- Year: 2015
- Language: Russian
- Publisher: Ad Marginem
- ISBN: 9785911032500
- Page: 104
- Cover: paperback
Brik’s articles on photography and cinema of the 1920s and 1930s provide enormous historical insight into the ascendance of new media (photography and cinema) in the face of older crafts (painting). These essays reflect debates on the role of art and the development of new media technologies during the early Soviet years.
Osip Brik was a Russian author, literary scholar, critic, scriptwriter, and essayist. This book comprises his essays on photography, cinema, and theatre, published in Novyi LEF, Sovyetskoye foto, Sovyetskoye kino, Sovyetskiy Ekran, Zrelisha journals and Kino paper from 1923 to 1934. As well as the work of his compatriots, Brik discusses Western art of the time, touching on Fernand Léger’s set designs, German theatre, and American cinema.
Brik’s articles reflect the intellectual debates of the 1920s on the new industrial-age media (photography, cinema) vs the old ones (painting, sculpture), the role of art in the new Soviet state, and modern technology. Reading these texts, one is aware of the time when they were written: the strict separation of drama and comedy in film, on which Brik insists, only makes sense in relation to silent films. Similarly, by taking note of the timeframe, we understand that Brik was one of the first authors to underscore the importance of montage in photography (in his essay “Photomontage”), when Alexander Rodchenko was only at the start of his artistic career.

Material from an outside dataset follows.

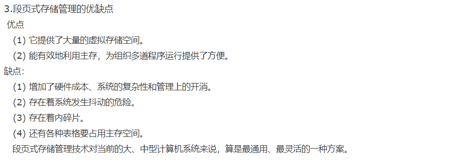 虚拟地址由段号和段内地址组成,虚拟地址到实存地址的变换通过段表来实现。每个程序设置一个段表,段表的每一个表项对应一个段,每个表项至少包括三个字段:有效位(指明该段是否已经调入主存)、段起址(该段在实存中的首地址)和段长(记录该段的实际长度)。绝对地址=根据段号找到段表中的起始地址+段内地址 (如果段内地址超过限长则产生“地址越界”程序性中断事件达到存储保护) - 优点缺点

Brik never aimed to write a manifesto or develop a theory for a new art. His articles deal with purely practical issues, and questions relating to the administration of culture in the Soviet Union (he was a member of Cinema Office at the Writers’ Union and responsible for the literature department at a film studio).
Following the zeitgeist, in “From Painting to Photography,” “Photography and Cinema,” and “Cinema at Meyerhold’s Theater,” Brik discusses the relation between the “new” and the “old” art forms, focusing on the new principles of structuring images suggested by cinema and photography.
In “Western Art,” Brik writes about the skating-rink ballet in Paris, where the set was designed by Fernand Léger popular in Munich and Berlin, and about popular theater in Munich and Berlin. In the 1920s, periodicals were still free to publish articles on Western modernist experiments, and Brik hoped that the Soviet artists would borrow the best of the Western ideas to create a new art. As opposed to the bourgeois mass culture, Soviet culture envisaged a consumer who needed not only entertainment, but also, to see “the truth of life.” This aspiration for the truth meant that representation of reality in documentaries in Soviet culture was of vital importance.